Segment Open

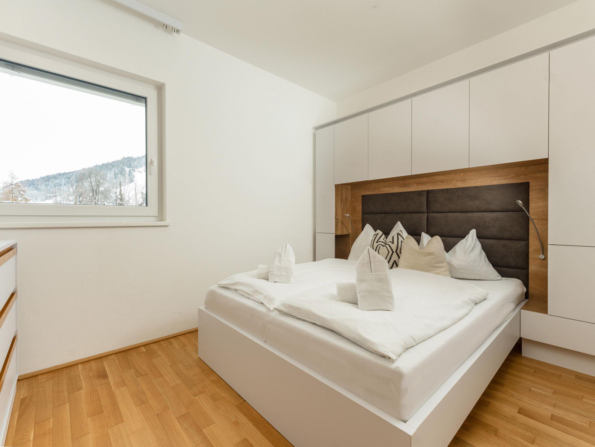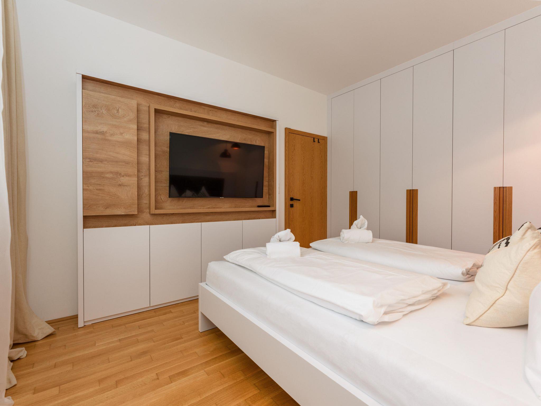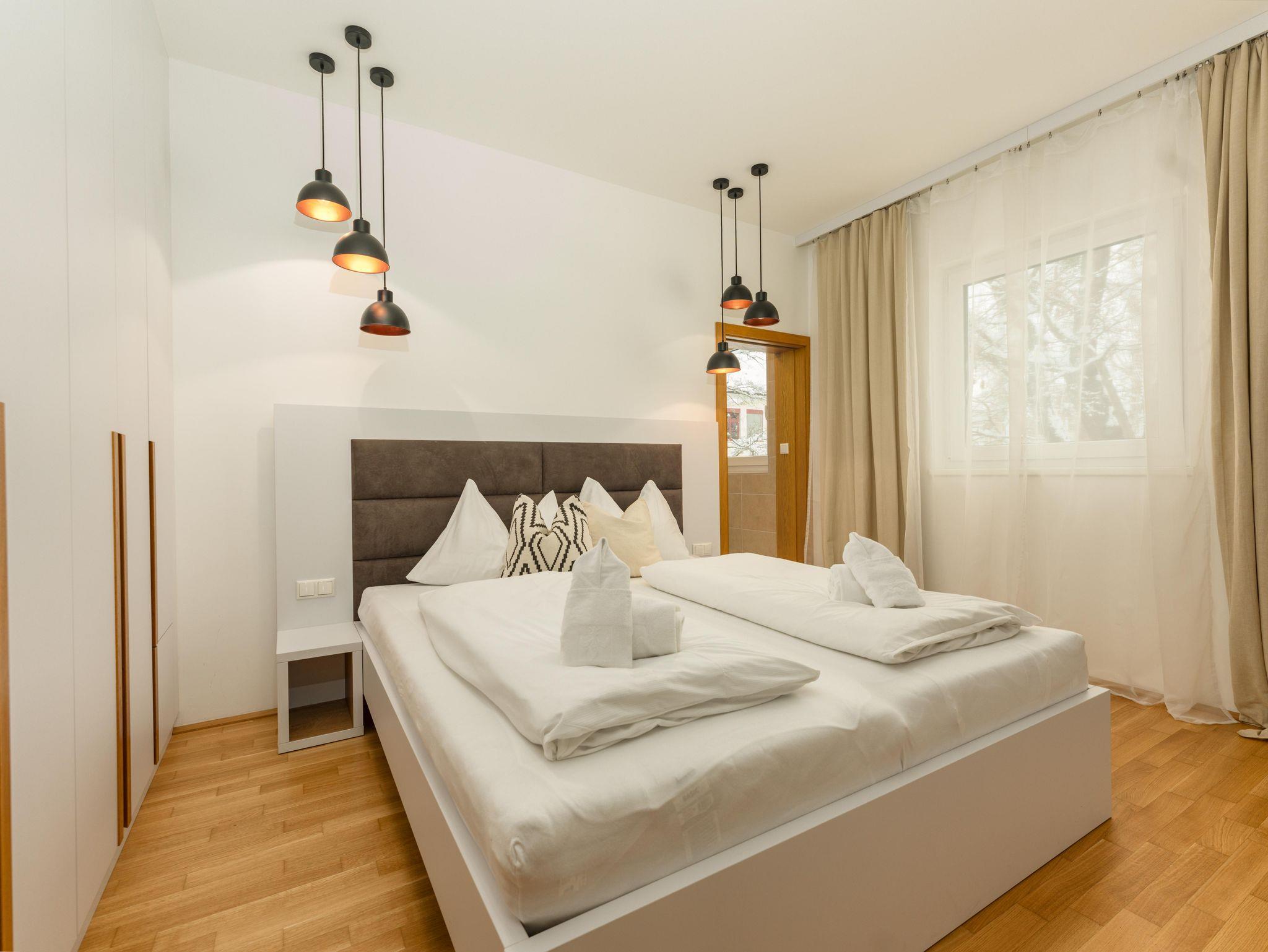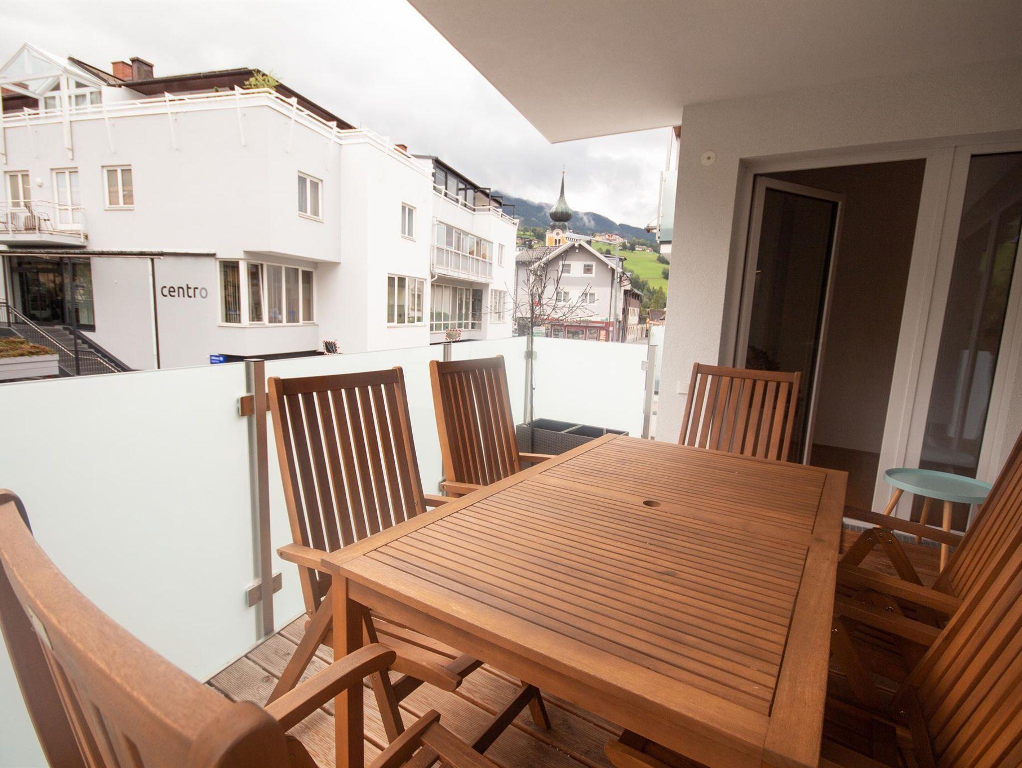Top 4: 87m² App. im 1. Obergeschoss für 4-6 Personen, großzügiger Wohnraum mit komplett und hochwertig ausgestatteter Küche, Esstisch, Schlafsofa für 2 Personen und TV, 10m² Balkon mit Balkonmöbel und tollem Ausblick auf den Planai Zielhang, zwei separate Schlafzimmer mit Doppelbett, ein en-suite Badezimmer mit Badewanne, Waschtisch sowie ein separates Badezimmer mit Regendusche und Waschtisch, eine separate Toilette ist vorhanden. Skibox mit Skischuhheizung und 1 Tiefgaragenparkplatz.
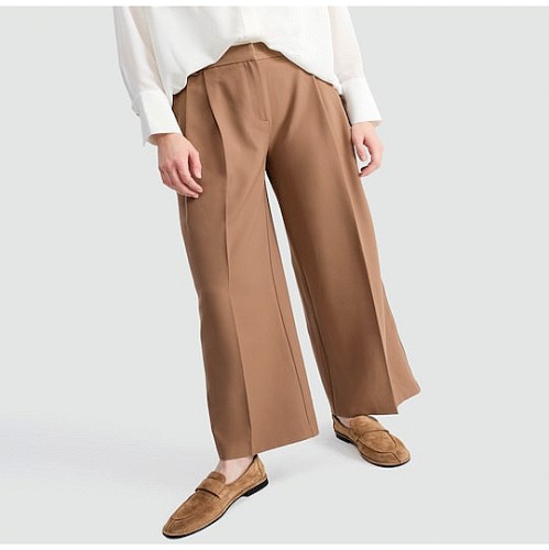 Wide Leg Side Stripe Pleated Trousers in Med Nude
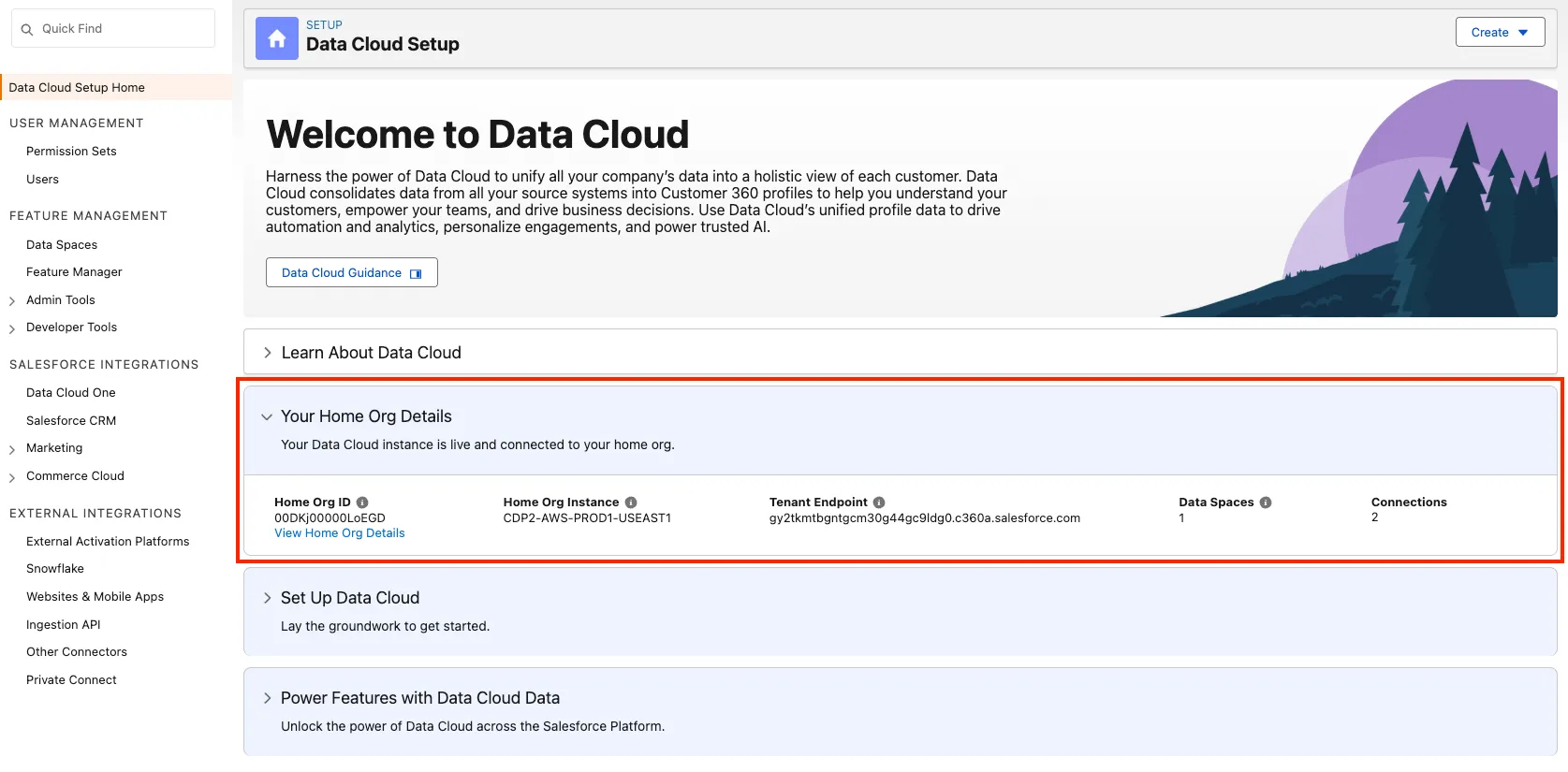 If you can see the section that displays Your Home Org Details, Then Data 360 has already been provisioned and you can move on to install the Coral Cloud Resorts Data Kit below.

Segment Closed

*TASK STATEMENT*. Output exactly, and with no pictures, the lines from the line that holds "Wide Leg Side" through the last line of the listing above.

*OUTPUT OF THE EXERCISE*.
 Wide Leg Side Stripe Pleated Trousers in Med Nude
 If you can see the section that displays Your Home Org Details, Then Data 360 has already been provisioned and you can move on to install the Coral Cloud Resorts Data Kit below.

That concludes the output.